0--1 fractional knapsack problem of dynamic programming

Source: Internet
Author: User

1. Questions

Known existing items m pieces (item 0,1,2,3,... m-1), the maximum load bearing of the backpack is N, calculate the maximum value that can be achieved by putting this m-item into this backpack.

The name, weight, and value of each item are stored.

/**
 * denotes the class of each item. 
 *
/class bagitem{
	String name;//Item name
	int weight;//item weight
	int value;//Item Value public
	
	Bagitem ( String Name,int weight,int value) {
		this.name = name;
		This.weight = weight;
		This.value = value;
	}
}

2. Use the idea of dynamic planning to do this topic

The physical meaning of f[i][j] is the maximum weight that can be obtained in a backpack with a maximum load-bearing of J.

Decision-making method: Whether the item I is put in depends on the value F[i-1][j-b[i].weight]+b[i].value (j>=b[i].weight) and the value that is not put in the article I item f[i-1][j] compare the results.

S[I][J] Indicates the name of each item in the backpack when f[i][j] gets the maximum value.

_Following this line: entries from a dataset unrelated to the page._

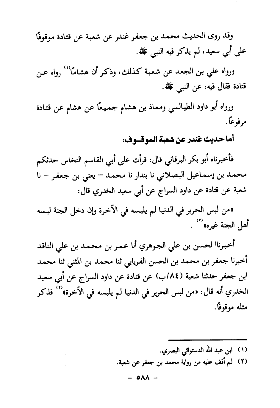 أَخْبَرَنَا الْحَسَنُ بْنُ عَلِيٍّ الْجَوْهَرِيُّ أنا عُمَرُ بْنُ مُحَمَّدِ بْنِ عَلِيٍّ النَّاقِدُ أَخْبَرَنَا جَعْفَرُ بْنُ مُحَمَّدِ بْنِ الْحَسَنِ الْفِرْيَابِيُّ ثَنَا مُحَمَّدُ بْنُ الْمُثَنَّى ثَنَا مُحَمَّدُ بن جعفر حدثنا شعبة (84/ب) عَنْ قَتَادَةَ عَنْ دَاوُدَ السَّرَّاجِ عَنْ أَبِي سَعِيدٍ الْخُدْرِيِّ أَنَّهُ قَالَ: " مَنْ لَبِسَ الْحَرِيرَ فِي الدُّنْيَا لَمْ يَلْبَسْهُ فِي الآخِرَةِ "2 فذكر مثله موقوفا.
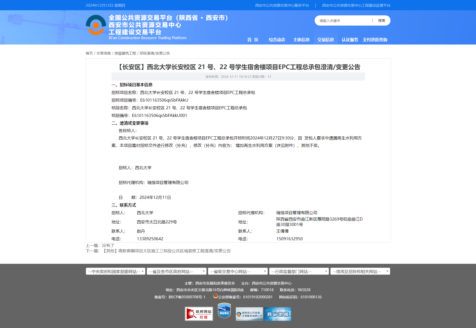 星空app官网长安校区 21 号、22 号学生宿舍楼项目EPC工程总承包澄清/变更公告
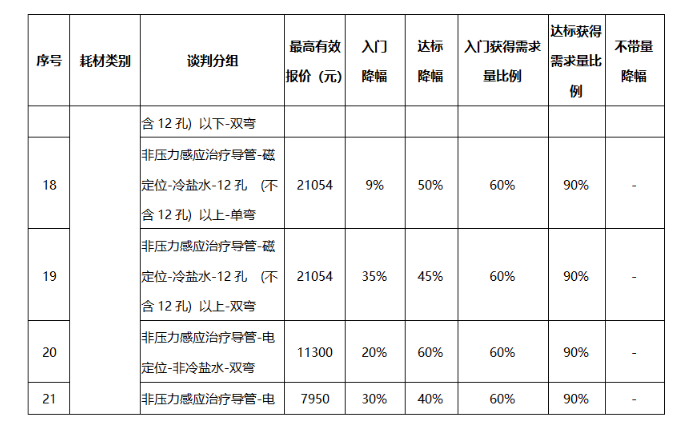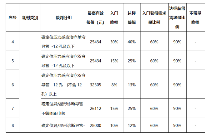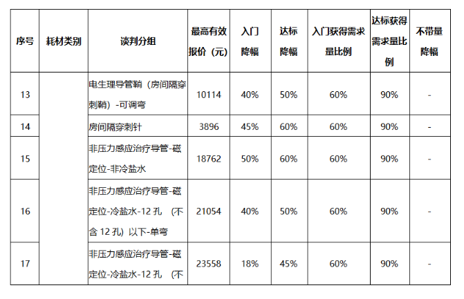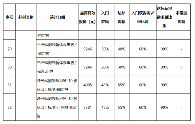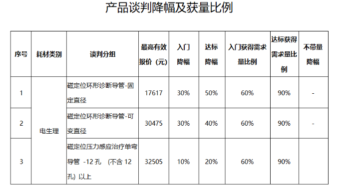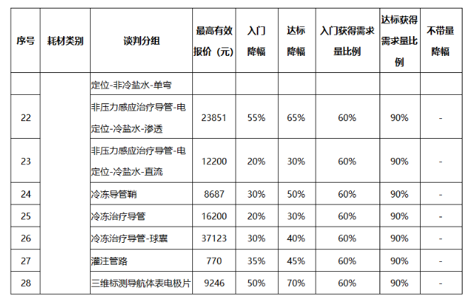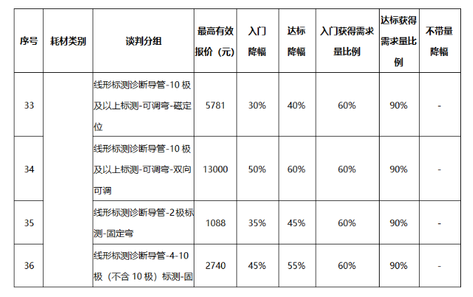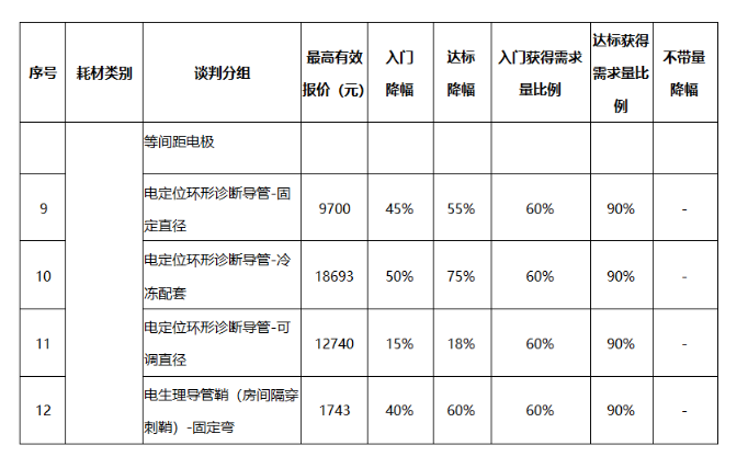 公示的降幅中,电定位环形诊断导管-冷冻配套降幅最高,达标降幅高达75%。达标降幅高于50%的也不在少数。
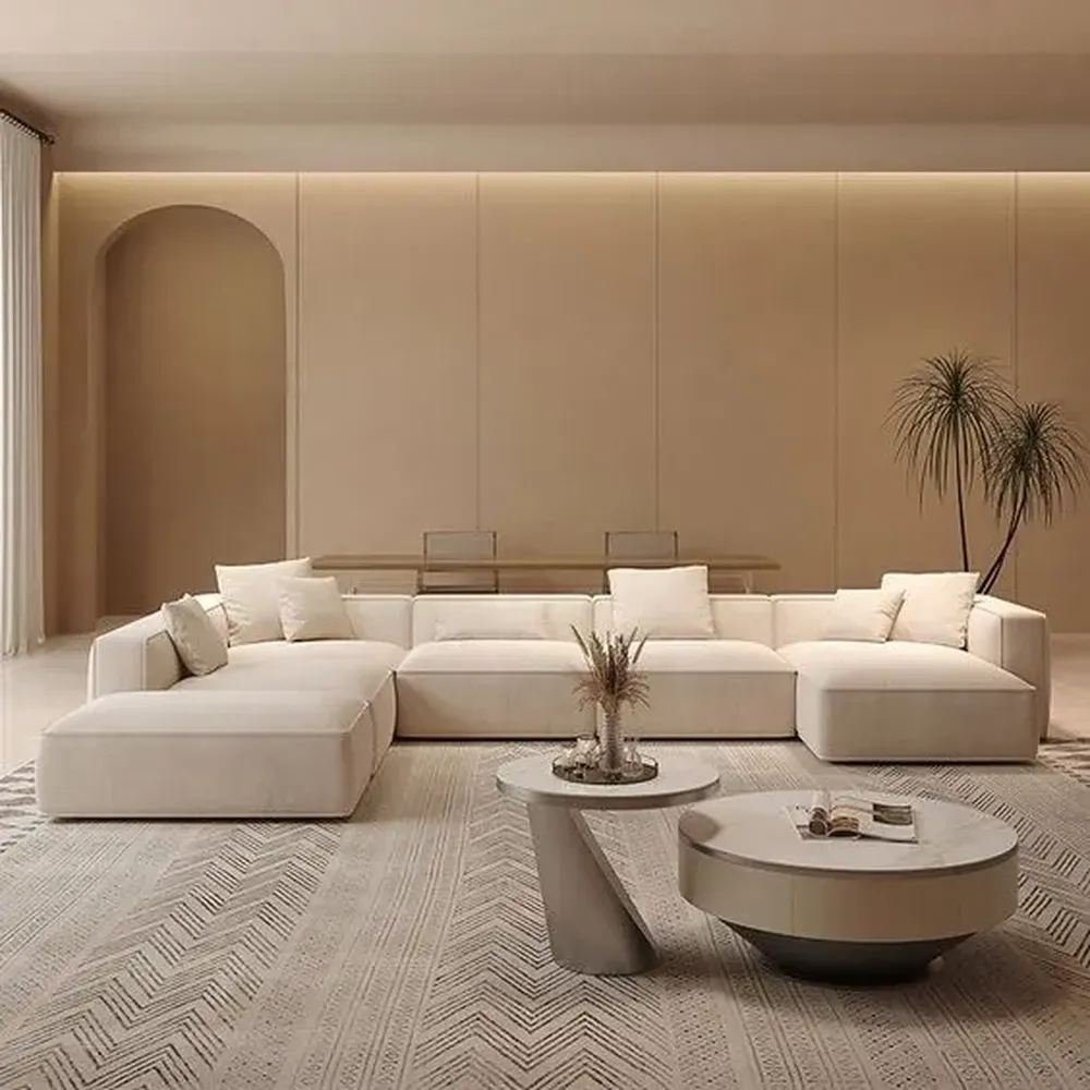 Serene Horizon Beige Velvet Modular U-Sectiol

The f[m-1][n in this final Java array] is the maximum weight of the m item that can be placed in a backpack with a maximum load of n. S[m-1][n] is the final result.

/** * Solve 0-1 knapsack problem * Dynamic planning.
 * In physical sense f[i][j] the maximum weight available in a backpack with a maximum load-bearing of j is stored in the first I item.
 * Whether the item I is put in depends on the value of F[i-1][j-b[i].weight]+b[i].value (j>=b[i].weight) and the value of the item I do not put in article I f[i-1][j] comparison results.
 * S[i][j] Indicates the name of each item in the backpack when f[i][j] gets the maximum value.
	* */public class BAG01 {public int[][] f;
	Public string[][] s;
		int m;//total number of items int n;//Backpack Maximum load-bearing public Bag01 (int m,int n) {this.m = m;
		THIS.N = n;
		f = new Int[m][n];
		s = new String[m][n];
				for (int i=0;i<m;i++) {for (int j=0;j<n;j++) {S[i][j] = ""; }}}} public void Selectbigvalue (bagitem[] B) {/* initialization code NO. 0 Item Operation operation */for (int j=0;j<n;j++) {if (J>=b[0].wei
				ght) {F[0][j] = B[0].value;
			S[0][J] = B[0].name; }}/* Follow the decision formula to determine if the next item is to be placed in the backpack */for (int i=1;i<m;i++) {for (int j=0;j<n;j++) {if (J>=b[i].weight &&am P
					F[i-1][j-b[i].weight]+b[i].value > F[i-1][j]) {f[i][j] = F[i-1][j-b[i].weight] + b[i].value;
				S[I][J] = S[i-1][j-b[i].weight] + b[i].name; }else{F[i][j] = f[i-1][J];
				S[I][J] = S[i-1][j]; }
			}
		}
		}
	}

You need to be aware of when calling:

If the maximum load of the backpack is 10 o'clock, the initialization matrix is 11 lines, J can be taken to 10.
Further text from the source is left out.